> _Collected data_:
───

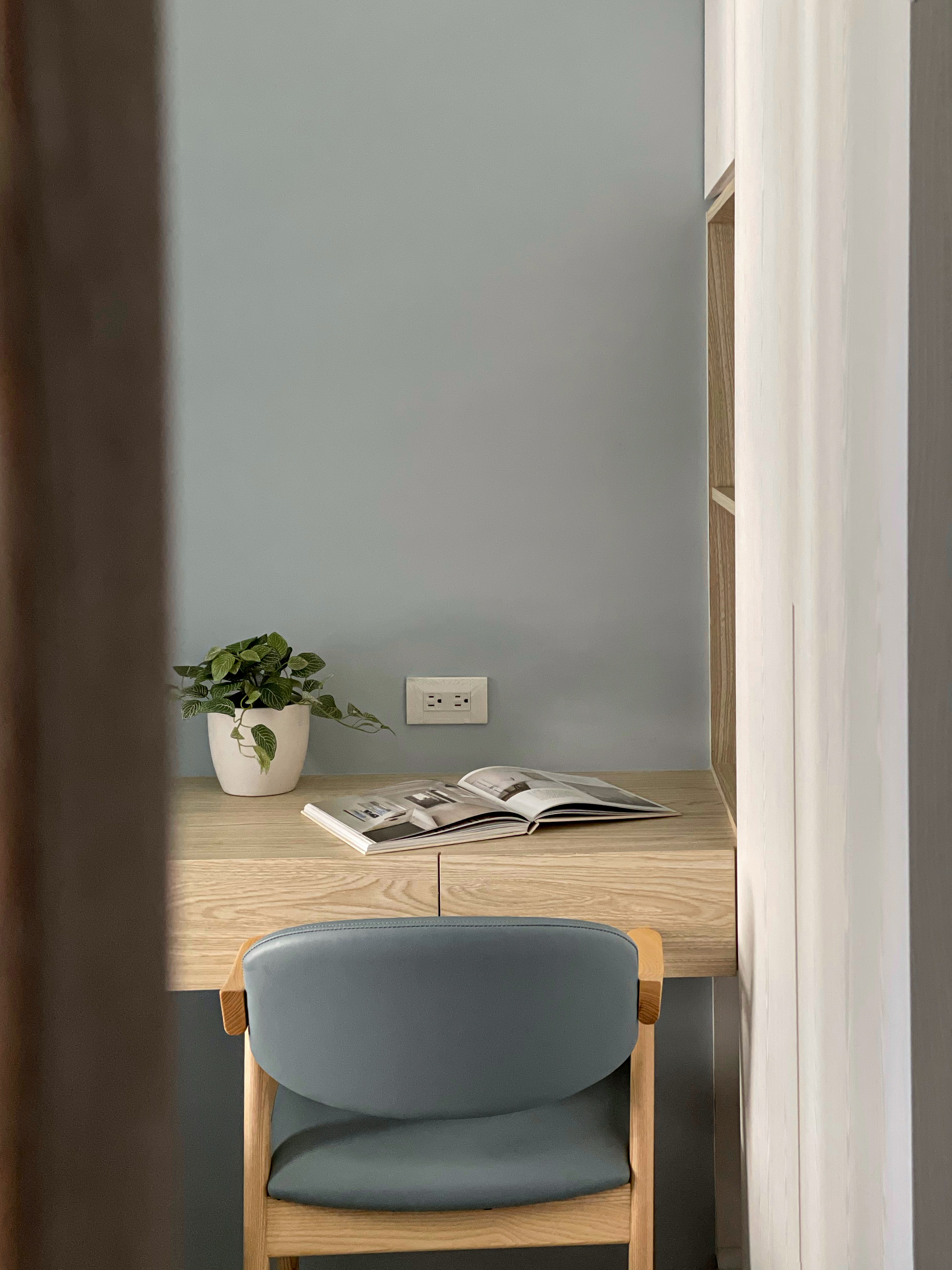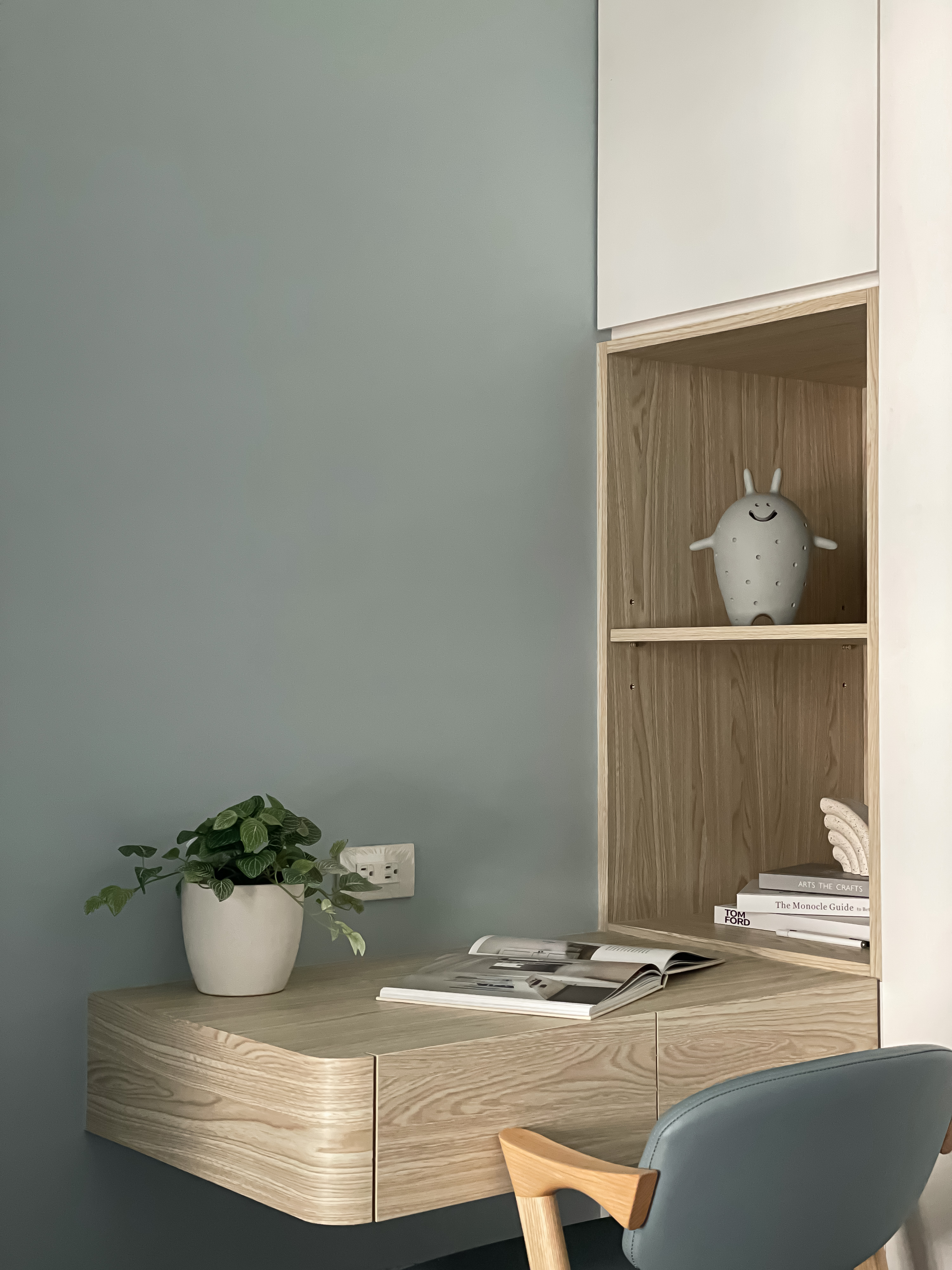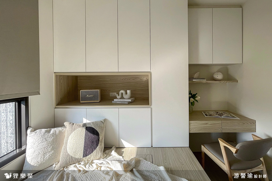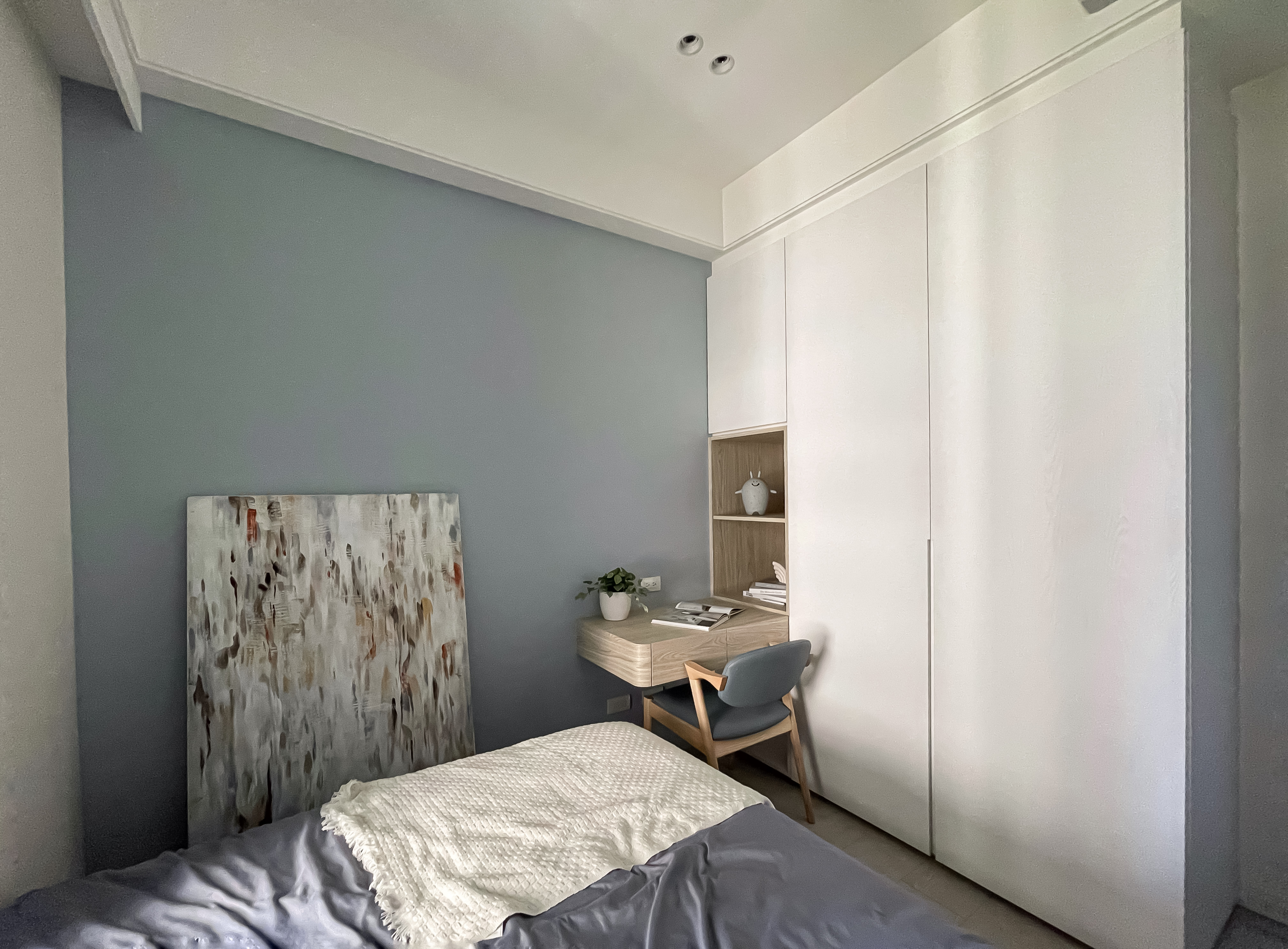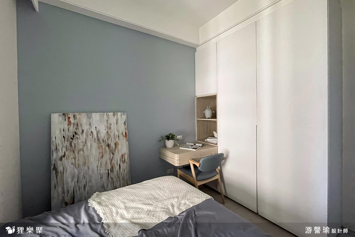 次臥室整體色系採用灰藍色為主題,不走一般較活潑的兒童房設計,而是能夠使用至成年後也能符合年齡的中性設計,白色系統櫃簡潔明亮,整體十分乾淨俐落,在書桌的邊緣做了圓角設計,不只防止小孩碰撞,看起來也符合整體柔和美觀的調性。客房設計規劃為臥榻式,可收納最大尺寸行李箱,方便留宿的客人使用,牆面保留大面積留白不特別刷跳色漆,方便直接客人使用投影機投影觀賞影片。
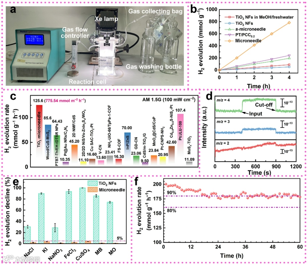 图4. 微针形反应器件上的光催化水蒸气裂解。(a) 光催化水蒸气裂解系统的照片。(b) 样品的光催化析氢速率。(c) 微针形反应器件与不同粉末光催化剂或光催化器件析氢速率的比较。(d) 反应产物的电化学微分质谱信号。(e) 微针形反应器件或 TiO2 NF 粉末在不同污水中光催化析氢的下降率。(f) 微针形反应器件的稳定性。
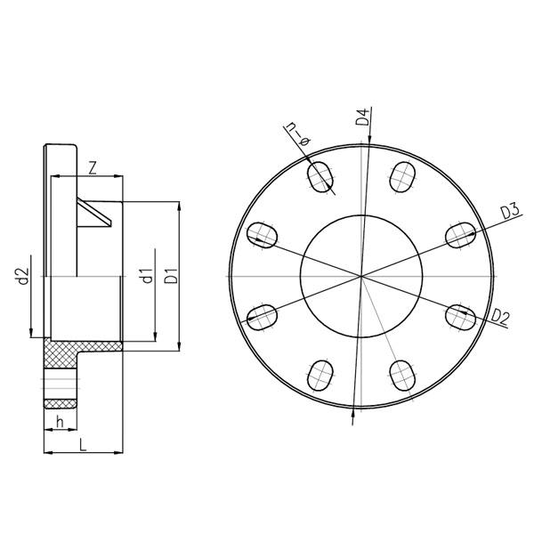 DN D1 D2 D3 D4 d1 d2 L h Z n-Ř

───

> _Task to complete_: Leave out the pictures and copy the rest of the material above exactly.

> _Task output_:
 次臥室整體色系採用灰藍色為主題,不走一般較活潑的兒童房設計,而是能夠使用至成年後也能符合年齡的中性設計,白色系統櫃簡潔明亮,整體十分乾淨俐落,在書桌的邊緣做了圓角設計,不只防止小孩碰撞,看起來也符合整體柔和美觀的調性。客房設計規劃為臥榻式,可收納最大尺寸行李箱,方便留宿的客人使用,牆面保留大面積留白不特別刷跳色漆,方便直接客人使用投影機投影觀賞影片。
 图4. 微针形反应器件上的光催化水蒸气裂解。(a) 光催化水蒸气裂解系统的照片。(b) 样品的光催化析氢速率。(c) 微针形反应器件与不同粉末光催化剂或光催化器件析氢速率的比较。(d) 反应产物的电化学微分质谱信号。(e) 微针形反应器件或 TiO2 NF 粉末在不同污水中光催化析氢的下降率。(f) 微针形反应器件的稳定性。
 DN D1 D2 D3 D4 d1 d2 L h Z n-Ř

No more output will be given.